* _Task item_:
Copy each line, word for word, from the one with "Una imagen en" through the final line of the listing, but skip the pictures.

* _Information shown_:
--------------------

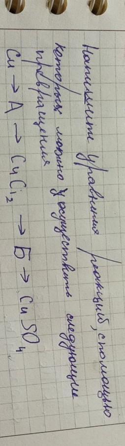 напишите уравнения реакций, с помощью которых можно осуществить следующие превращения: Cu→A→CuCi²→Б→CuSO⁴
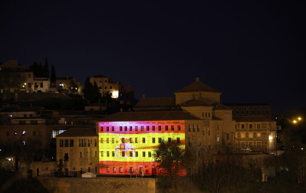 Una imagen en movimiento de la bandera de España ilumina la fachada de las Cortes de C-LM por el Día de la Constitución
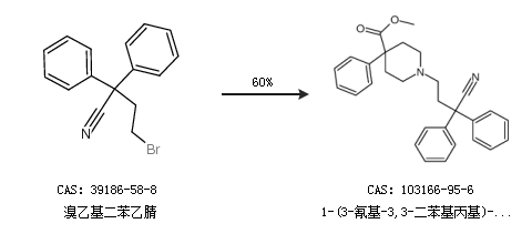 1.通过溴乙基二苯乙腈合成1-(3-氰基-3,3-二苯基丙基)-4-苯基-4-哌啶羧酸甲酯,收率约60%;

--------------------

* _Result for this exercise_:
 Una imagen en movimiento de la bandera de España ilumina la fachada de las Cortes de C-LM por el Día de la Constitución
 1.通过溴乙基二苯乙腈合成1-(3-氰基-3,3-二苯基丙基)-4-苯基-4-哌啶羧酸甲酯,收率约60%;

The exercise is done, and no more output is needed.